Instantly concerned, Harry asked, ‘Did you get the registration?’

‘No, I was so shaken I didn’t think straight. Maybe it’s nothing, just my imagination. I’m not even sure the two cars were the same colour.’ She gave a thin smile. ‘I’m probably just being paranoid.’

Harry nodded, thinking. The episode of Antiques Roadshow hadn’t been broadcast. Only a handful of the public at the event would have seen the art expert’s assessment of the painting, and he could give no guarantee it was authentic. It was too soon for someone in London today who might have seen it to pass it to a contact, surely. And anyhow, for a while, the painting would not be in their house. ‘I think we’re both jittery at the moment. But if you see the car again try to get its number plate.’

‘I’ll try. So – so where’s the painting now?’

‘You know I was mentioning Daniel Hegarty, right?’

‘The forger.’

Harry beamed. ‘He is my plan!’

Freya frowned. ‘OK – do you want to explain exactly how?’

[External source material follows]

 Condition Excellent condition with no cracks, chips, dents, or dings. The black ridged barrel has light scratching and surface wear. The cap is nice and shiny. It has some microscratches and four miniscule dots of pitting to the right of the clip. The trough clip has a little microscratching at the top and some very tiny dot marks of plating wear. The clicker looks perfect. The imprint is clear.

‘I think you’re going to like it,’ he said, reaching for the bottle and topping up both of their glasses. ‘A lot.’

34

Wednesday, 2 October

Roy Grace had been intending to spend more time, especially weekends, at home with Cleo and Noah. Family had never been more important than right now, especially with the imminent arrival of their new baby. He needed to try to rebalance his priorities and leave behind at work the effects of the everyday violence he dealt with, separating it from his life at home.

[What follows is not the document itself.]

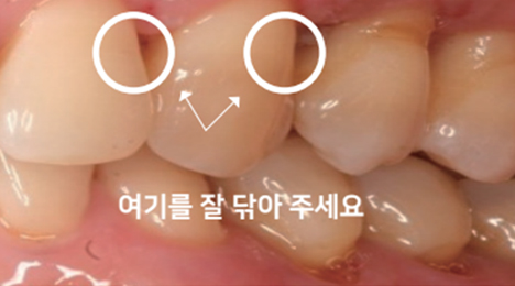 꼼꼼하지 못한 양치질은 치간에 음식물 등 세균을 남기고, 그 세균들은 치태가 되어 구강 내에서 충치를 유발합니다.

But Sussex, with its crime hotspots of Brighton and Hove, Crawley, Hastings and once sedate and genteel Worthing, was going through something of a violence epidemic. The growing scourge of knife crime, which he’d seen first-hand during his secondment to London’s Met Police, had started to permeate Sussex in particular, and there had recently been a spate of stabbings in the county, three of them fatal – and a new stabbing in the centre of Brighton and Hove last night, with the male teenage victim in hospital, in a critical condition.

In addition to the usual crimes which sometimes involved his team, the relatively new and iniquitous crime of illegal puppy farming was fast becoming a major problem. The same OCGs – Organized Crime Gangs – which had control over much of the drugs supply into Sussex, and its surrounding counties of Kent, Surrey and Hampshire, were now behind this new, lucrative, vile – and easy – trade.

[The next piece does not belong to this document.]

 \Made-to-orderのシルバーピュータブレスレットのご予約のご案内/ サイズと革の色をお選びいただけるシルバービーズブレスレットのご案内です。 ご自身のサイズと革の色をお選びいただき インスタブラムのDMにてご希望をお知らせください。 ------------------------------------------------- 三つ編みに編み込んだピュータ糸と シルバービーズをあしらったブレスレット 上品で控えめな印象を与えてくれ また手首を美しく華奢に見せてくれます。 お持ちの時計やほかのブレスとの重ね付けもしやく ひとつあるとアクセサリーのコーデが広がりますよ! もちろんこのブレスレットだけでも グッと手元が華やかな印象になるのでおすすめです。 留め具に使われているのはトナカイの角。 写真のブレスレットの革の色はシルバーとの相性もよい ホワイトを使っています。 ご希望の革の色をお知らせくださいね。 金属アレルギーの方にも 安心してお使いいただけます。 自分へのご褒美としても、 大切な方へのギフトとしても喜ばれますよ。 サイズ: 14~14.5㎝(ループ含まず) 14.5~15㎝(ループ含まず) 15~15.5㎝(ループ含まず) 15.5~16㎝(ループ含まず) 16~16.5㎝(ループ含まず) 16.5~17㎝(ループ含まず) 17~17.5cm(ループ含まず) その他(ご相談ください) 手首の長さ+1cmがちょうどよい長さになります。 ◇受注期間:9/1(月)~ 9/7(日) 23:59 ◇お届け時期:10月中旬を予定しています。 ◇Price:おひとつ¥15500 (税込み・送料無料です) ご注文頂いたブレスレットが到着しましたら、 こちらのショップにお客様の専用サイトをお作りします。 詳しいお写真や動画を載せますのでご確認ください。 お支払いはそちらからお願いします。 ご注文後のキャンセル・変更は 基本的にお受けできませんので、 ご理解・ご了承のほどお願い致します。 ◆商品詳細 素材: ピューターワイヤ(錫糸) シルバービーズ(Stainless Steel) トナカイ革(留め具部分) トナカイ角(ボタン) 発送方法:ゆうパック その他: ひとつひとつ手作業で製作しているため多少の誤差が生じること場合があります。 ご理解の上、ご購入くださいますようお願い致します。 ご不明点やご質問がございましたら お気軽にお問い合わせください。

Easy, because unlike the massive efforts that went into tackling drugs, at all levels, until very recently puppy farming was little known about, there were few resources thrown at it, and ludicrously light sentences, under the Animal Welfare Act, for anyone prosecuted. But fortunately this was starting to change, thanks to actions by the RSPCA inspectors bringing two successful prosecutions for illegal puppy-farming elsewhere in England on charges of conspiracy to commit fraud, which carried a much more punitive ten-year sentence.

Cruelty to animals of any kind was one of the few things that made Roy Grace really angry. The Surrey and Sussex Major Crime Team was now working closely with the RSPCA on monitoring the situation and steadily building files on suspects, but no arrests of any real significance had been made in Sussex – yet. But, with the blessing of the Chief Constable, herself a dog lover, he had delegated two detectives to liaise with the current Rural Crimes case officer, Sergeant Tom Carter, based in Midhurst, and work with him on monitoring the situation.